(Data shown)
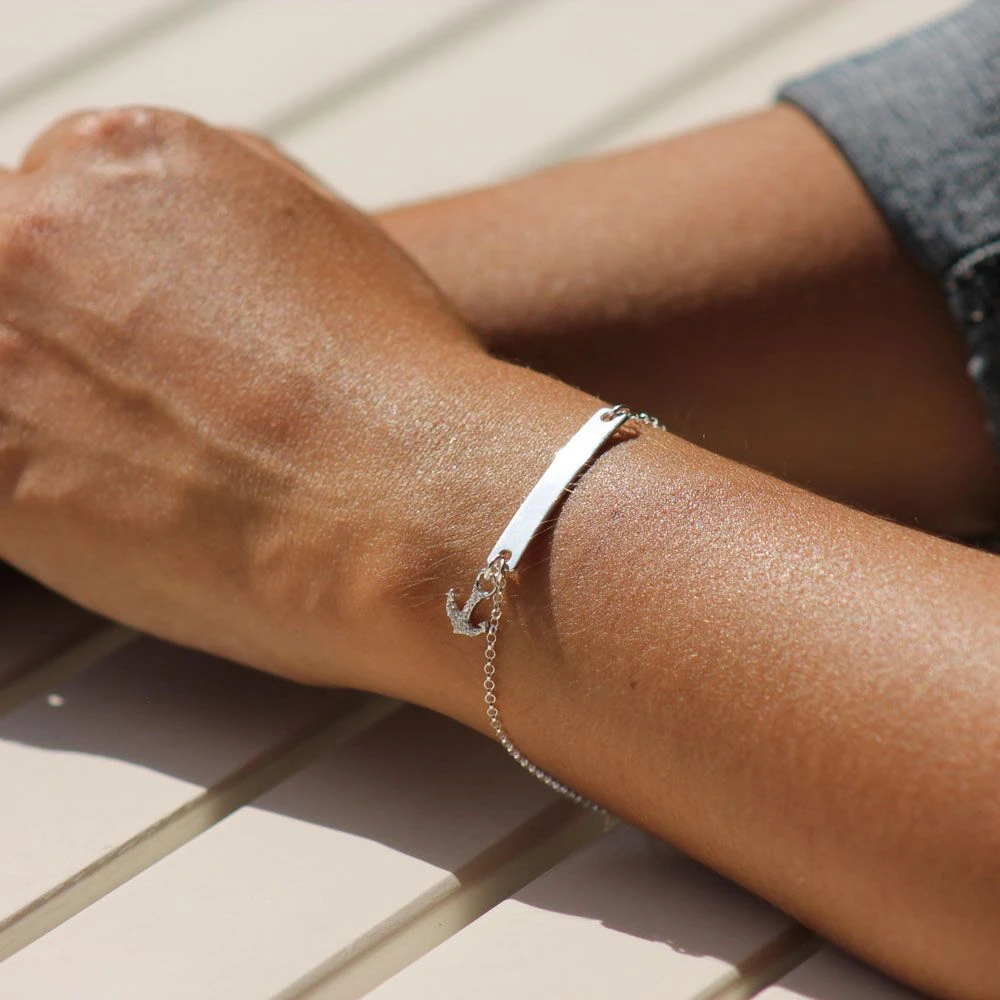 Très jolie gourmette en argent massif 925 agrĂ©mentĂ©e d’une ancre marine sertie de zirconium. Personnalisable au recto/verso avec une gravure laser ou diamant au choix. La gourmette est rĂ©glable en longueur avec des anneaux d’attache complĂ©mentaire, elle s’adapte Ă de nombreux poignets fĂ©minins. Les femmes adorent porter une gourmette pour parfaire leur look, surtout si elle est unique.
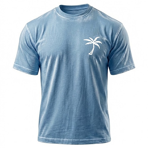 T-shirt lavata e rovinata con grafica di palme, blu vintage, misto cotone, abbigliamento, abbigliamento s m l xl xxl xxxl
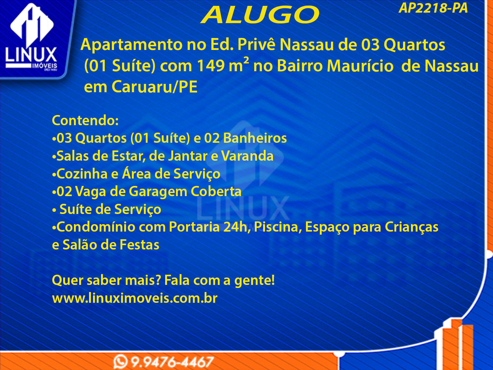 Apartamento no Ed. Privê Nassau em Caruaru/PE p/ Locação (AP2218-PA)
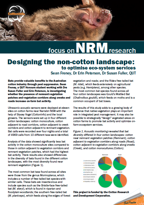 The Focus on NRM research series introduces you to the key cotton NRM researchers and their work. In this case study, Sean Freney, Dr Erin Peterson, Dr Susan Fuller outline their research into the impact of remnant vegetation on bat activity.
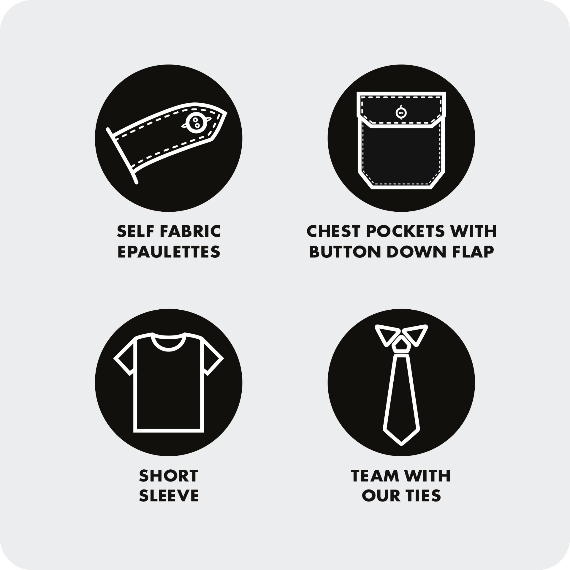 Essential weight pilot shirt - 2 chest pockets with button down flap - In widespread use throughout the security industry - Gives a professional appearance in environments such as shopping centres and high security reception areas - High quality, durable fabric - Team it with one of our ties to complete the look - Self-fabric epaulettes
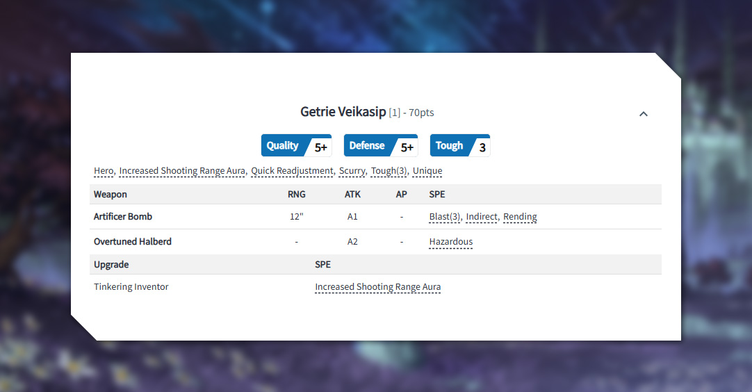 On the table, Getrie is a boon to any ranged focused squad! Her Increased Shooting Range Aura helps increase the threat of her unit, and with Quick Readjustment and Scurry, she can stay very responsive and mobile on the battlefield. Her bombs a great against soft infantry targets, even when they’re entrenched in cover, and for more heavily armored foes, her Overtuned Halberd is an effective, if dangerous, option!
(End Data shown)
__Work item__: "The Focus on" marks the last line to keep. Retype every line from the start of the entries through that one, exactly, and drop the pictures.

__Answer section__:
 Très jolie gourmette en argent massif 925 agrĂ©mentĂ©e d’une ancre marine sertie de zirconium. Personnalisable au recto/verso avec une gravure laser ou diamant au choix. La gourmette est rĂ©glable en longueur avec des anneaux d’attache complĂ©mentaire, elle s’adapte Ă de nombreux poignets fĂ©minins. Les femmes adorent porter une gourmette pour parfaire leur look, surtout si elle est unique.
 T-shirt lavata e rovinata con grafica di palme, blu vintage, misto cotone, abbigliamento, abbigliamento s m l xl xxl xxxl
 Apartamento no Ed. Privê Nassau em Caruaru/PE p/ Locação (AP2218-PA)
 The Focus on NRM research series introduces you to the key cotton NRM researchers and their work. In this case study, Sean Freney, Dr Erin Peterson, Dr Susan Fuller outline their research into the impact of remnant vegetation on bat activity.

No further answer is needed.